After 100 hundred years of inactivity I am back! Blame the new job and the house move for keeping me just soo busy with no computer or internet connection for quite sometime. The stress of the move also put me off cooking new things and blogging about food. It was an email from Johanna inviting UK bloggers to some food/cooking events that had me salivating and spurred me on continuing my food blog. Needless to say I am keen in joining them especially in that Christmas market in Bath. Oooh how exciting!

Less exciting is my growing discovery that this part of the West Midlands has been left out from the blessings of the patron saint of foodies. There is quite a dearth of good food markets, shops, delis or restaurants (except baltis). I think I will have to do the 45-minute drive to central Birmingham, Ludlow, Shropshire, and nearby counties to avail me of these. Though mind you, I haven't explored the farm shops that dot the rural areas near us. Not to worry, this all means that I'll just have to cook and bake more at home to make up for the shortage, isn't it? Always spot an opportunity in adverse conditions, that's what I say.

So what's cooking now? Before we left our dear Surrey, our friends hosted a little potluck barbecue for us. I've always been wanting to try this chickpea salad from Jenny of Pertelote (thanks Jenny!) ever since she brought it in our very first London food blogger soiree in Johanna's place last year. I did it the same as in her recipe except I changed the order of adding things with a plus in salt and black pepper as well.

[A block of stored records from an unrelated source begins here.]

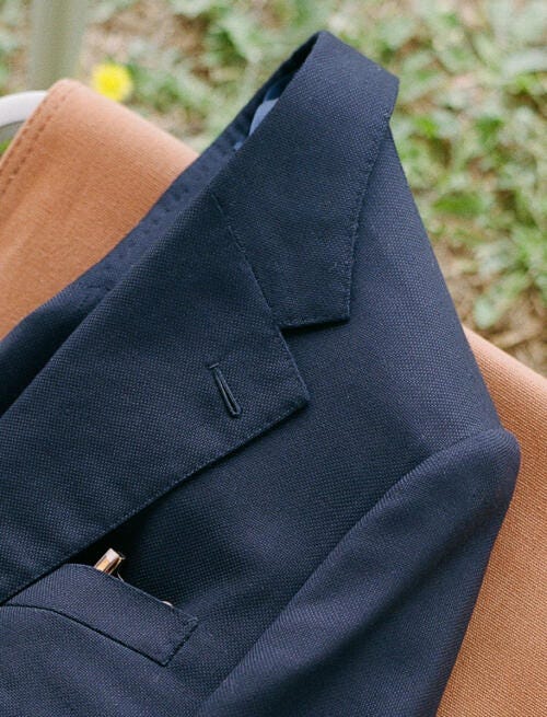 A navy hopsack is the closest thing menswear has to a Swiss Army knife. It’s one of the easiest, most forgiving pieces of clothing you can buy. Dress it up with a tie. Dress it down with denim. Wear it with an OCBD, a polo, or a simple tee. It looks “put together” without looking like you’re auditioning for anything.
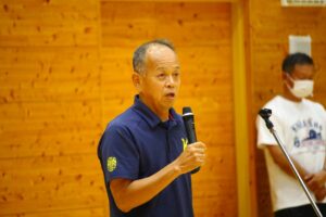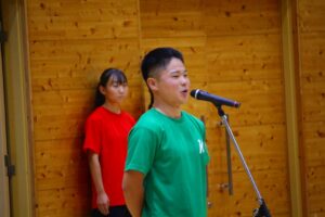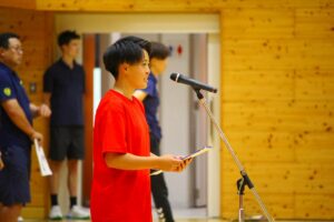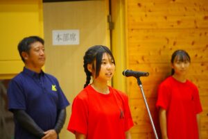 生徒会長さんからは、「倉商祭の最終日、放課後や空き時間を利用して練習や準備を積み重ねてきた。体育の部は勝ち負けを競う場でもあるが、例え順位が振るわなくても、皆で一生懸命頑張ったことや応援の様子はずっと思い出に残る。どんな結果であろうとも自分が思う最高のパフォーマンスを発揮できるよう頑張って欲しい。互いに頑張る仲間に盛大な声援を送りましょう。」と挨拶がありました。
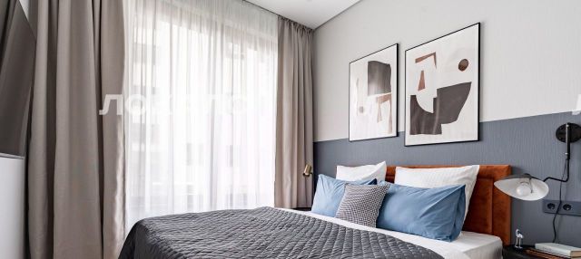Спальня: двуспальная кровать с матрасом из натурального латекса, Smart TV, вместительный шкаф.

This is the first time I've worked with chickpeas (garbanzos in Spanish and Tagalog) and was quite fascinated the morning after soaking them to find that they've swelled up more than double its dried state. I was very tempted to remove the skins after cooking them but I have to add the vinegar and oil before it cools off completely. So I just let some of the skins remain for the sake of taste. One thing I have to say is don't skimp on spices like paprika because the chickpeas are quite bland and needs a lot of flavouring to balance it out. On a whole, this is great to have with some bread and of course the barbecued meats.

Tuna-Chickpea Salad

Tuna-Chickpea Salad

500 g  dried chickpeas
2 tsp bicarbonate of soda (baking soda)
1 x 185 g  jar roasted peppers - chopped
2 Tbsp sherry vinegar or white wine vinegar
6 Tbsp extra virgin olive oil
1 big onion - chopped
1 tsp ground cumin
1/2 tsp ground fennel seeds
1/2 tsp dried chilli flakes
2 tsp smoked paprika
2 x 180 g  can of tuna chunks in oil - drained and flaked
1/2 cup chopped fresh parsley
salt and freshly ground black pepper to taste
  1. Put dry chickpeas in a bowl and cover with lots of cold water. Stir in bicarbonate of soda and leave to soak overnight.
  2. Next day, drain and rinse and drain again the chickpeas. Put in a pot, cover with water and bring to a boil. Reduce heat and simmer gently for about 1 hour and 30 minutes or until well cooked.
  3. While it's cooking, whisk the olive oil and vinegar in a small bowl, set aside.
  4. Once the chickpeas are cooked, immediately drain into a bowl and mix in the vinegar mixture while still warm.
  5. Add in the roasted pepper, salt and black pepper. Set aside.
  6. Fry the onions gently until soft and translucent. Add the cumin, fennel, chilli, and half the paprika. Set aside.
  7. You can do things up to this point and keep in the fridge until half an hour before serving.
  8. Before serving, mix everything in a big bowl including the parsley and the rest of the paprika. Take care in mixing so as not to break up the tuna too much. Serve as part of buffet or with bread.